We are going to implement a parallel implementation of A* and analyze the performance of the algorithm on both systems. We plan to implement our algorithm on both GPU and multi-core CPU platforms, for which we will use CUDA and OpenMP respectively.
A* is a single-source shortest path search algorithm used widely in AI and Robotics for graph search problems. It finds the fastest path in a (un)weighted (un)directed graph between two nodes and can therefore be useful for graph search and motion planning. With the right heuristic, A* has been proved to be a complete and optimal search algorithm.
A* is a variant of Dijkstra's algorithm that involves using a heuristic to reduce the number of nodes searched by the algorithm. Heuristics are generally hand-selected and must satisfy some properties for optimality. On general graphs, heuristics must be consistent (i.e. two adjacent nodes and the goal node must satisfy the triangle inequality).
The key aspect of this problem is to find an algorithm that can add and expand candidate nodes in the priority queue in parallel. A large bottleneck in general graph search algorithms is that they have a large set of nodes on the search frontier that are waiting to be explored. Being able to schedule candidate nodes effiently would be important to this project.
Implementating A* in parallel will rely on an efficient implementation of a Priority Queue. A*, like Dijkstra's algorithm, uses a priority queue to select the "best" next node to search.
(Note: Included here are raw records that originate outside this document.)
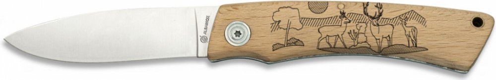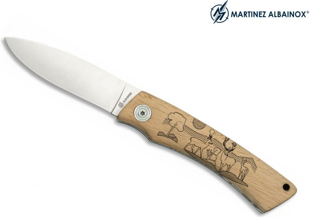 Kvalitní zavírací kapesní nůž s dřevěnou rukojetí od španělského výrobce Martinez Albainox. Rukojeť je dřevěná s motivem jelena. Čepel vyrobená z velmi kvalitní nerezové oceli. Skvěle se hodí do lesa, nebo jako pomocník při běžných činnostech.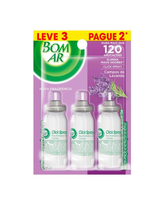 Caracteristicas:O Bom Ar Click Spray é um discreto aparelho plástico com miniaerossol que se fixa facilmente nas superfícies. Com apenas um click você obtém perfumação duradoura de maneira simples e rápida. Graças a sua fórmula, Bom Ar Click Spray libera um suave perfume, que deixa os ambientes com um agradável frescor.Detalhes:- Marca: Bom Air- Modelo: Refil Click Spray- Contém: 3 unidades promocionais de refil com 12ml cada.- Fragrância: Campos de Lavanda- Embalagem promocional leve 3 pague 2- Dura mais que 120 aplicaçõesOnde usar:- BanheiroModo de usar:- Levante a tampa plástica do seu aparelho BomAr Click Spray, retire o tubo vazio. - Insira o tubo até ouvir o clique do encaixe. Feche a Tampa- Vaporize: para perfumar, aperte no local indicado. Um clique é suficiente para uma perfumação duradoura. - Lave as mãos após a utilização do produto.- Para retirar o aparelho não puxe, gire-o.- Composição:- Fragrância e PropelentesConservação:- Mantenha hrmeticamente fechado em um lugar ventilado.- Não expor ao sol.- Armazenarem local seco e arejado.- Não expor a umidade ou água.- NÃO ARMAZENAR EM BANHEIROS, EMBAIXO DE PIAS, TANQUES.CONSERVE FORA DO ALCANCE DE CRIANÇAS E DOS ANIMAIS DOMÉSTICOS!!* As especificações podem ser alteradas sem aviso prévio ** Imagem meramente ilustrativa.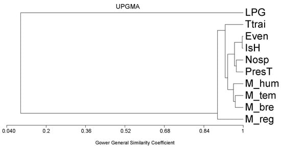 Protostrongylid intensity of infection (LPG) and diversity of species in relation to region, climate, and anthelmintic regimen based on cluster analysis with UPGMA (unweighted pair group method with arithmetic mean). Codes: LPG: larvae per gram of faeces, M_bre: sheep breed, M_hum: bioclimate, M_temp: subtype based on winter temperature, presT: number of treatments per year, nosp: number of protostrongylid species, Ish: Shannon index, even: evenness, and Ttrai: time to last treatment.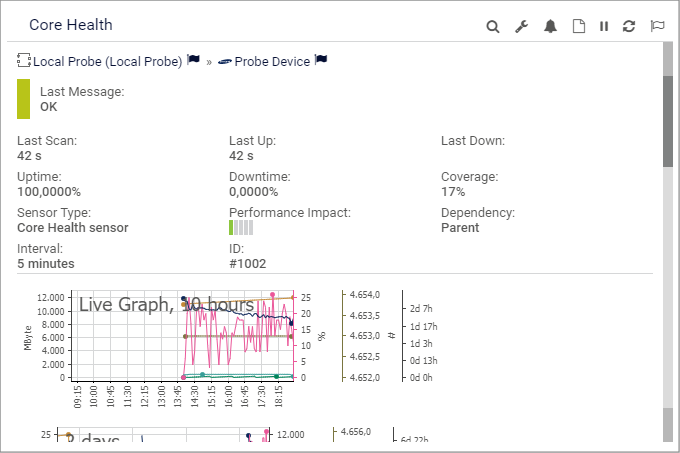 When you rest the mouse pointer over an object's icon in the device tree or in table lists, for example, a hover popup window appears and shows details about this object.The hover popup contains information from the object's Overview tab as well as several graphs. The exact information that PRTG provides depends on the type of object.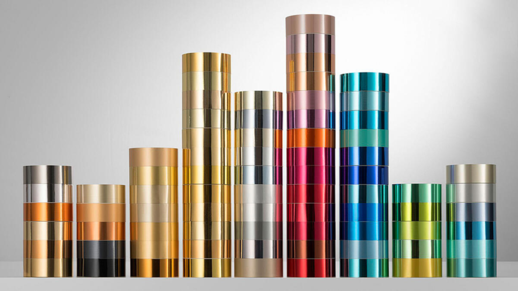 - Insumos y láminas de estampado: foils de alta calidad para hot stamping y cold foil, incluyendo acabados metálicos, holográficos, mates y efectos especiales para todo tipo de sustratos.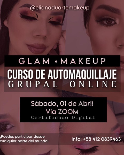 ✨Curso de Automaquillaje ONLINE✨ Siii muchas de ustedes que se encuentran en otras ciudades y otros países me lo han pedido y por fin, ya tenemos fecha🥺😍🎉 Si te encuentras en otra ciudad o en otro país, este curso es para ti✨ 🌸Incluye Certificado Digital (podrás imprimirlo en tu localidad). compartiré todo lo que necesitas saber para aprender a maquillarte desde cero como una profesional, aprenderás las técnicas más actualizadas para el maquillaje del día a día y te enseñaré a transformarlo para una ocasión especial. 💫BONUS: enseñaré tips para maquillar pieles maduras y pieles jóvenes, además enseñaré a corregir ojeras y manchitas en la piel. Por supuesto, por último y muy importante: ¡Aprenderás a abrir tu mirada y sacarle plus a tus facciones con mi técnica de contorno e iluminación! Con ella vas a crear un efecto de definición del rostro en la vida real con maquillaje. Envíale este flyer a esa personita que se encuentre lejos de ti y que sabes le podría encantar realizarlo☺️ Contamos con distintos métodos de pago para facilitar tu inscripción desde donde te encuentres🌎 📲Información completa vía WhatsApp: +58 412 0839463 ✨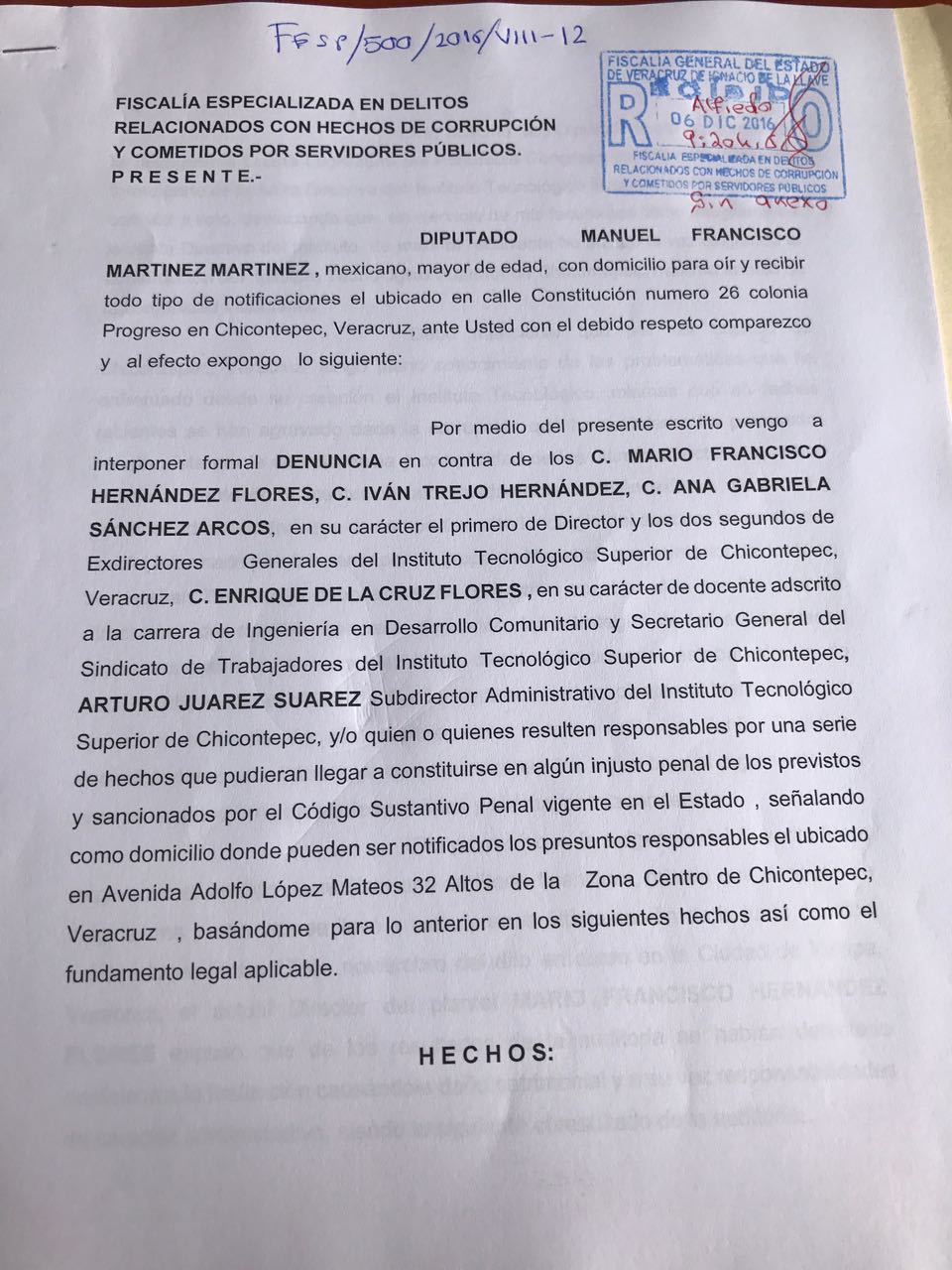 - El diputado local Manuel Francisco Martínez Martínez presentó la mañana de este martes una denuncia por presuntos desvíos de recursos por dos millones de pesos en el Instituto Tecnológico de Estudios Superiores de Chicontepec en contra de directivos y exdirectivos del mismo.

In this way, it reduces the number of nodes to search and makes the search process more efficient in general.
Repeatedly adding and choosing the best element in a priority queue is generally implemented as a sequential task due to its dependencies. This is because when the child nodes of the best node is added to the priority queue, they could potentially change the values in or the order of the queue. We will need to find a way to allocate nodes to threads such that A*'s completeness and optimality properties still hold. These two aspects (dealing with dependencies and scheduling) are the two aspects that make this problem difficult.
We will start by implementing a vanilla, serial implementation of A* and use that to compare with parallel versions of A*. We have found some approaches people have published previously to tackle this problem [1] and we hope to compare our implementation performance with theirs.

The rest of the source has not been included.